TASK INSTRUCTIONS: Images are to be left out when the records below are printed word for word.

THE DATA:
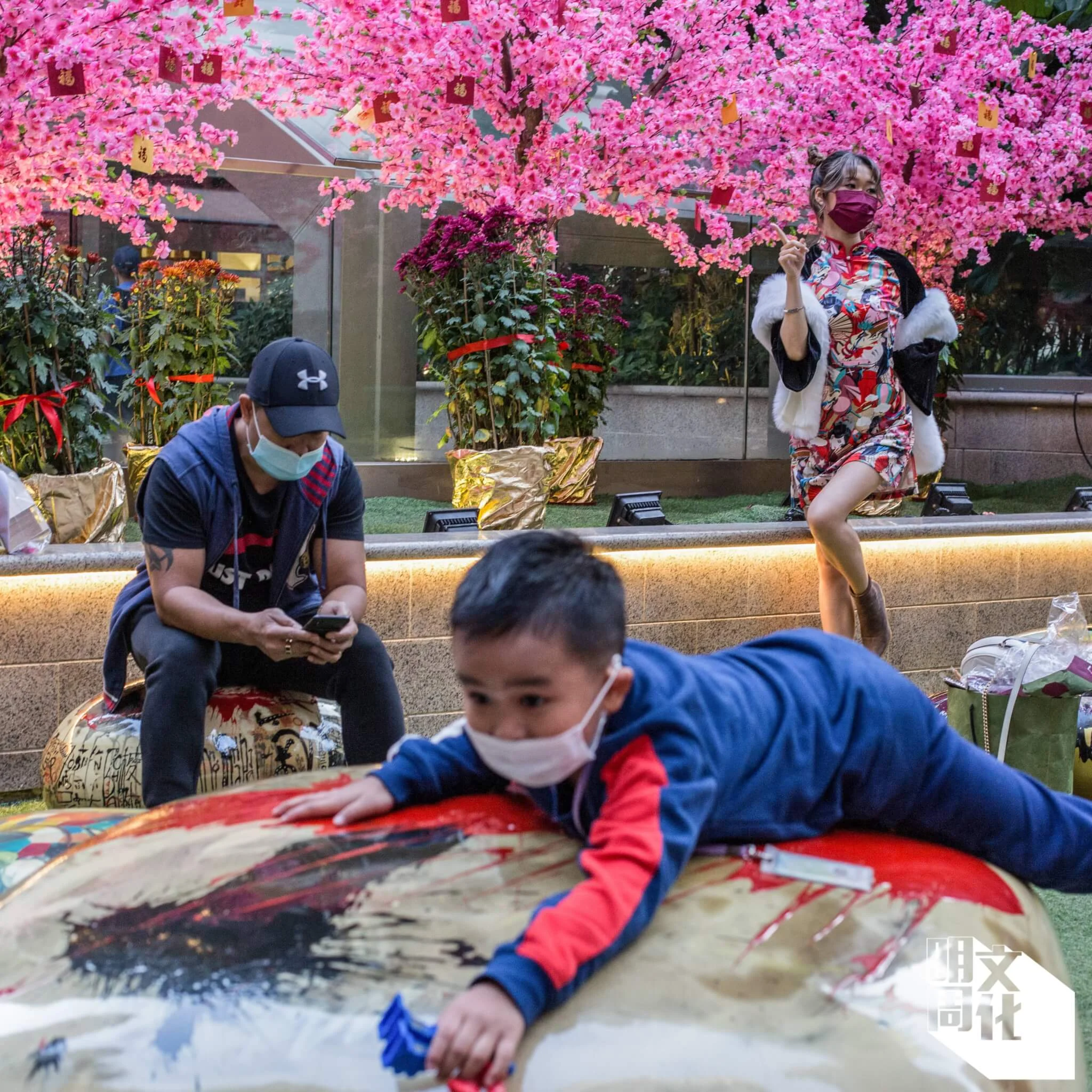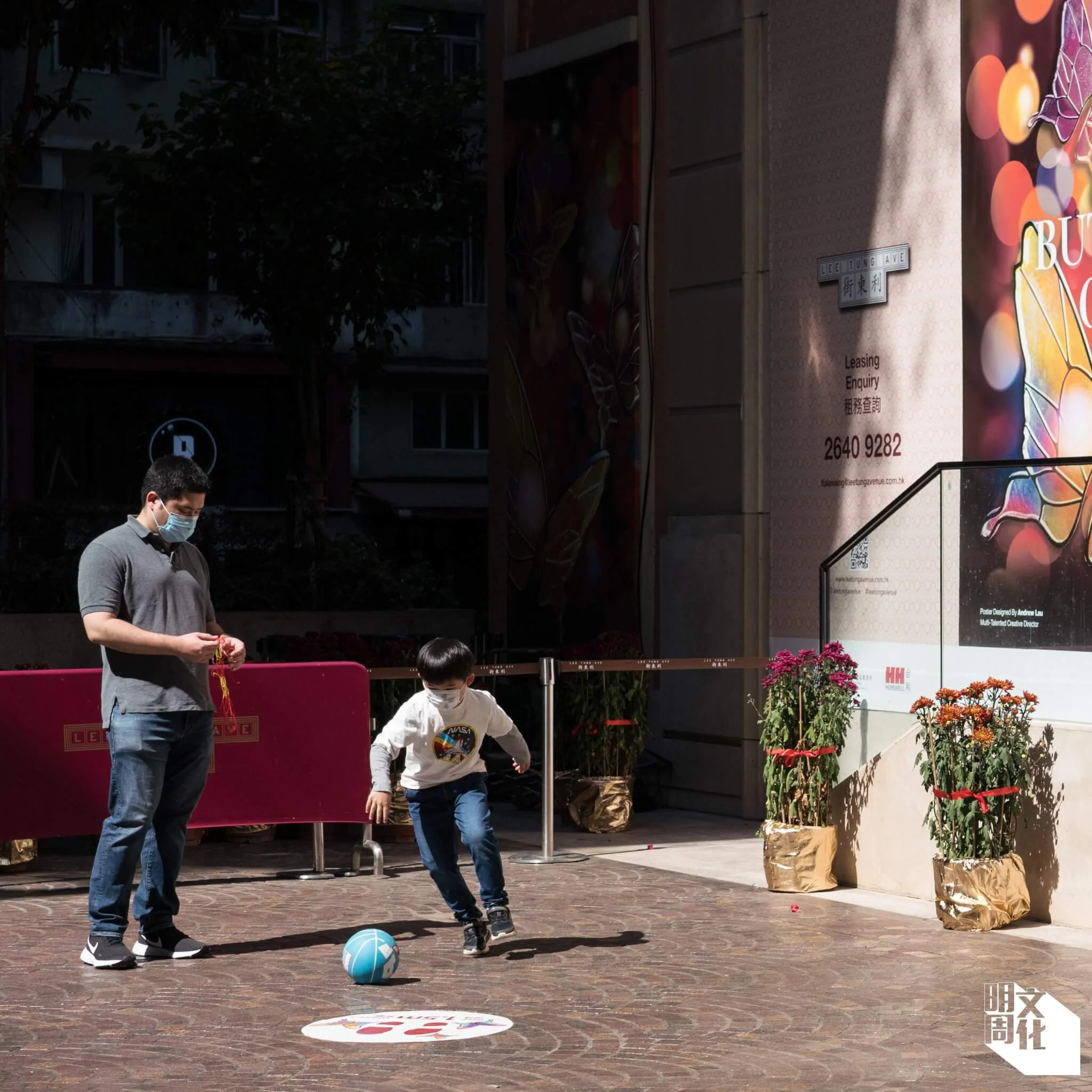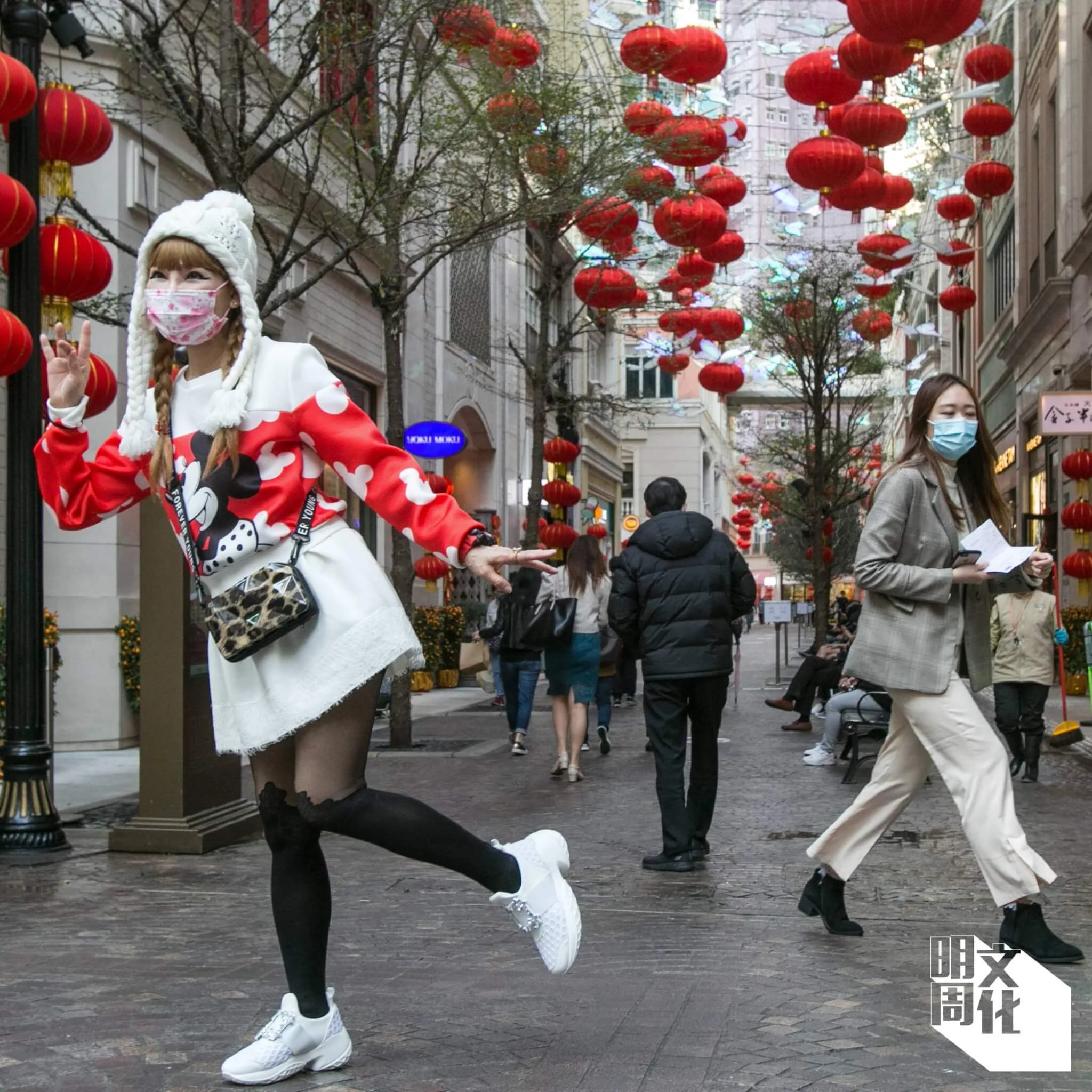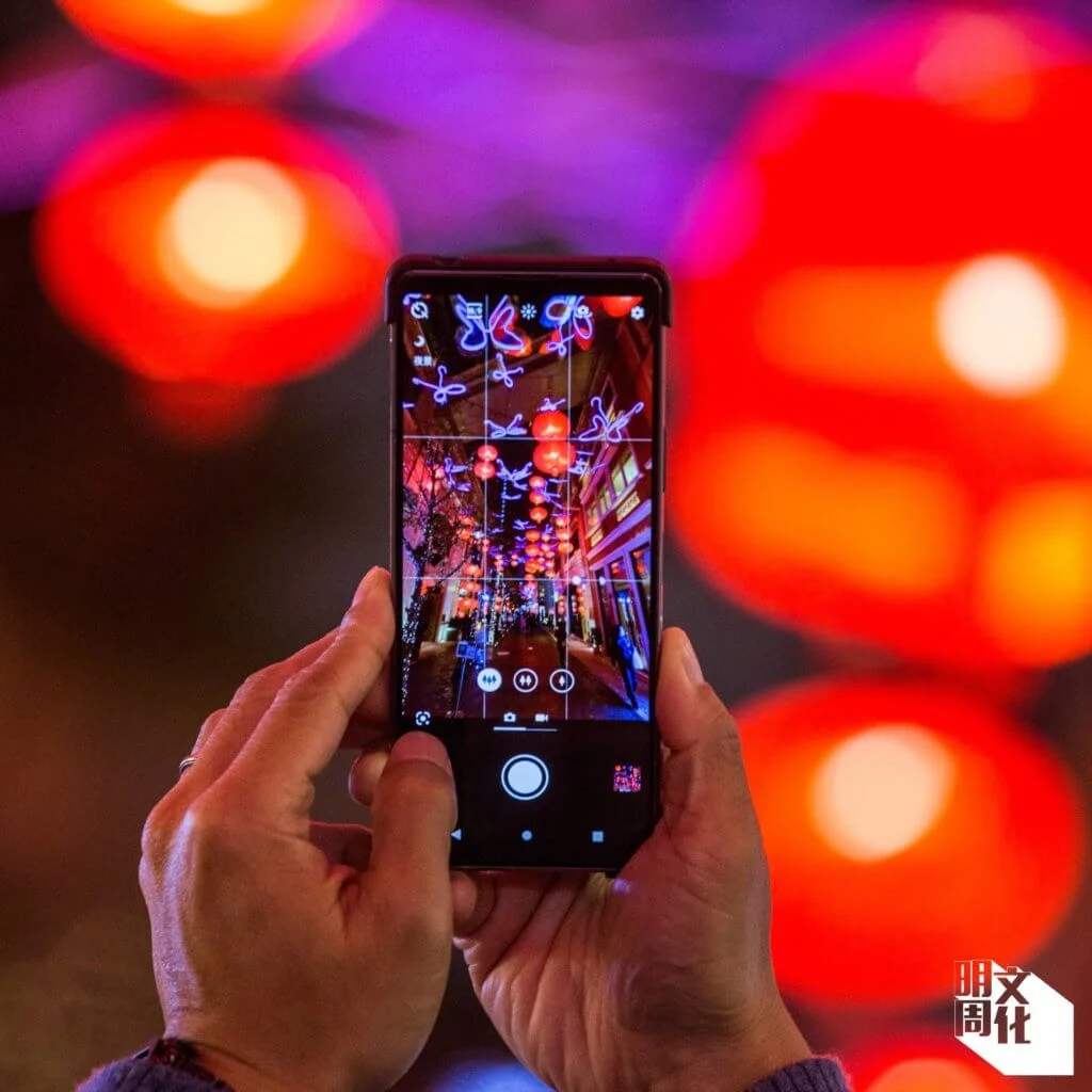 這時候,一個應該剛放工的上班族女士在我旁邊驚嘆:「好靚呀!」她舉起手機,對準懸掛在這條仿歐陸風格的步行街上的一個個中式大紅燈籠和蝴蝶燈飾,不斷按下快門。此情此景,我在為了寫這個專題而屢次往返「利東街」的多個晝夜裏,看過無數遍。各人有各人的取景角度,有的也會轉用前置鏡頭、以這些節慶佈置作背景自拍合照。他們看來都是由衷為這裏的美而興奮。
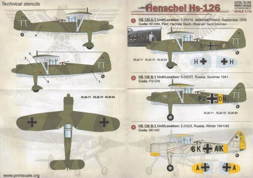 PRINT Maßstab - 1/72 Henschel Hs 126 (wet decals)
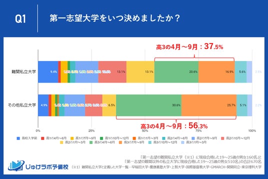じゅけラボ予備校(所在地:大阪市北区、代表取締役:後藤智則)は、第一志望の難関私立大学(※1)に現役合格した160名とそれ以外の第一志望の私立大学に現役合格した510名の合計670名を対象に、受験勉強の開始時期や勉強時間に関する調査を実施しました。
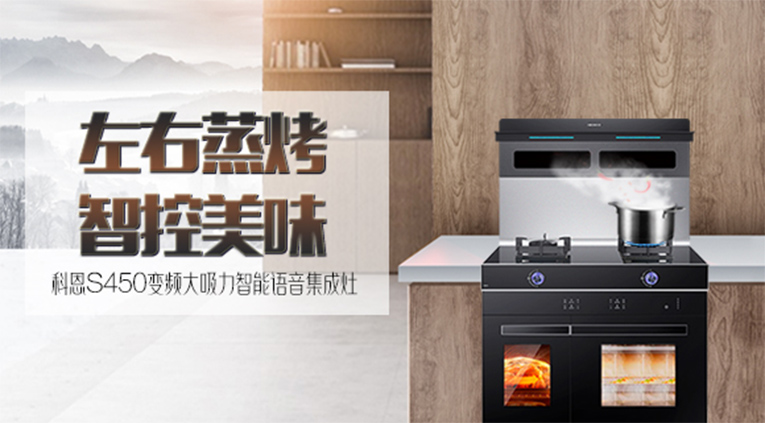 科恩S450左右蒸烤智能語音集成灶全面開啟左烤右蒸新時代,無論你是廚房大廚還是廚房小白,都能一鍵定制蒸烤美食,讓美食如約而至!
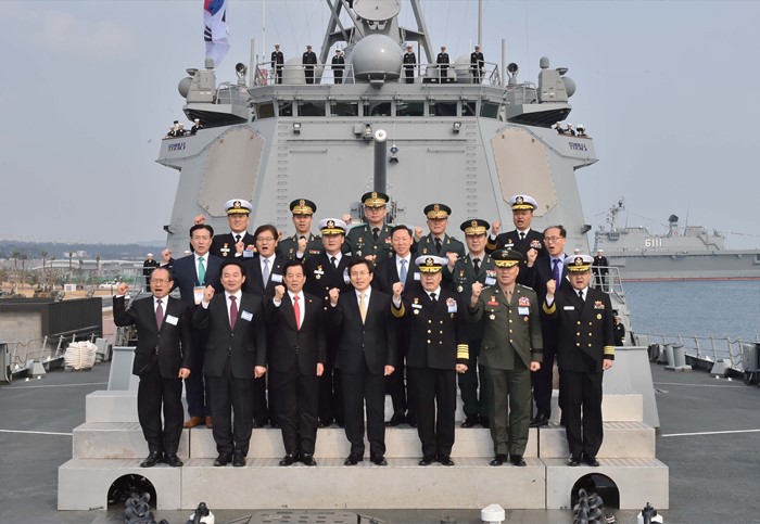 (서울=포커스뉴스) 황교안 국무총리가 26일 오후 제주 서귀포 제주해군기지에서 열린 제주민군복합형관광미항 준공식에 참석해 이지스구축함 서애류성룡함에서 기념촬영을 하고 있다. <사진제공=해군>
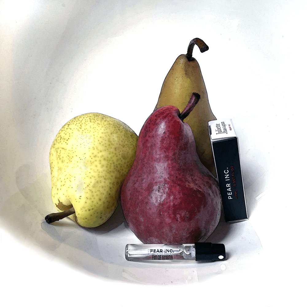 Pears covered in silver leaf that slowly tarnishes to dull fog and rain–ripe and juicy but with a metallic edge, carried in intimate space with a misty wet musk.
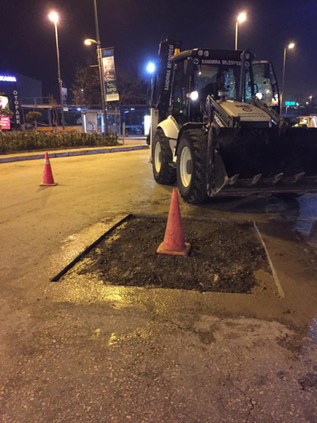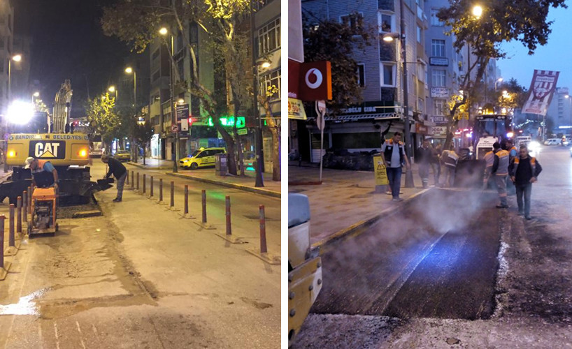 EKİPLERİMİZ ASFALTLAMA ÇALIŞMALARINI GECEDE SÜRDÜRÜYOR   Bandırma Belediyesi, vatandaşlara hizmet götürmek için gece gündüz çalışmalarını sürdürüyor.   Bandırma Belediyesi Fen İşleri Müdürlüğüne bağlı ekipler, merkez İnönü Caddesi ve Atatürk Caddesi’nde sıcak asfalt yama çalışması yaptı. Yoğun bir araç sirkülâsyonun olduğu caddede gündüz yaşanan trafik yoğunluğu nedeniyle vatandaşlarımızın ve esnafımızın rahatsız olmaması için çalışmalar gece geç saatlerde yürütüldü. Yolların bozuk olan kısımları ekipler tarafından düzgünce kesilerek içleri sıcak asfaltla yükseklik payı kalmayacak şekilde dolduruldu.
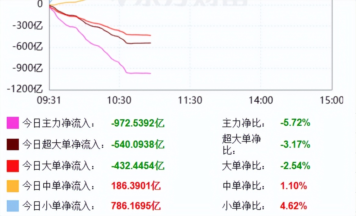 主力资金流出966.75亿,主力跑的真多啊,没人管管

ANSWER SPACE:
 這時候,一個應該剛放工的上班族女士在我旁邊驚嘆:「好靚呀!」她舉起手機,對準懸掛在這條仿歐陸風格的步行街上的一個個中式大紅燈籠和蝴蝶燈飾,不斷按下快門。此情此景,我在為了寫這個專題而屢次往返「利東街」的多個晝夜裏,看過無數遍。各人有各人的取景角度,有的也會轉用前置鏡頭、以這些節慶佈置作背景自拍合照。他們看來都是由衷為這裏的美而興奮。
 PRINT Maßstab - 1/72 Henschel Hs 126 (wet decals)
じゅけラボ予備校(所在地:大阪市北区、代表取締役:後藤智則)は、第一志望の難関私立大学(※1)に現役合格した160名とそれ以外の第一志望の私立大学に現役合格した510名の合計670名を対象に、受験勉強の開始時期や勉強時間に関する調査を実施しました。
 科恩S450左右蒸烤智能語音集成灶全面開啟左烤右蒸新時代,無論你是廚房大廚還是廚房小白,都能一鍵定制蒸烤美食,讓美食如約而至!
 (서울=포커스뉴스) 황교안 국무총리가 26일 오후 제주 서귀포 제주해군기지에서 열린 제주민군복합형관광미항 준공식에 참석해 이지스구축함 서애류성룡함에서 기념촬영을 하고 있다. <사진제공=해군>
 Pears covered in silver leaf that slowly tarnishes to dull fog and rain–ripe and juicy but with a metallic edge, carried in intimate space with a misty wet musk.
 EKİPLERİMİZ ASFALTLAMA ÇALIŞMALARINI GECEDE SÜRDÜRÜYOR   Bandırma Belediyesi, vatandaşlara hizmet götürmek için gece gündüz çalışmalarını sürdürüyor.   Bandırma Belediyesi Fen İşleri Müdürlüğüne bağlı ekipler, merkez İnönü Caddesi ve Atatürk Caddesi’nde sıcak asfalt yama çalışması yaptı. Yoğun bir araç sirkülâsyonun olduğu caddede gündüz yaşanan trafik yoğunluğu nedeniyle vatandaşlarımızın ve esnafımızın rahatsız olmaması için çalışmalar gece geç saatlerde yürütüldü. Yolların bozuk olan kısımları ekipler tarafından düzgünce kesilerek içleri sıcak asfaltla yükseklik payı kalmayacak şekilde dolduruldu.
 主力资金流出966.75亿,主力跑的真多啊,没人管管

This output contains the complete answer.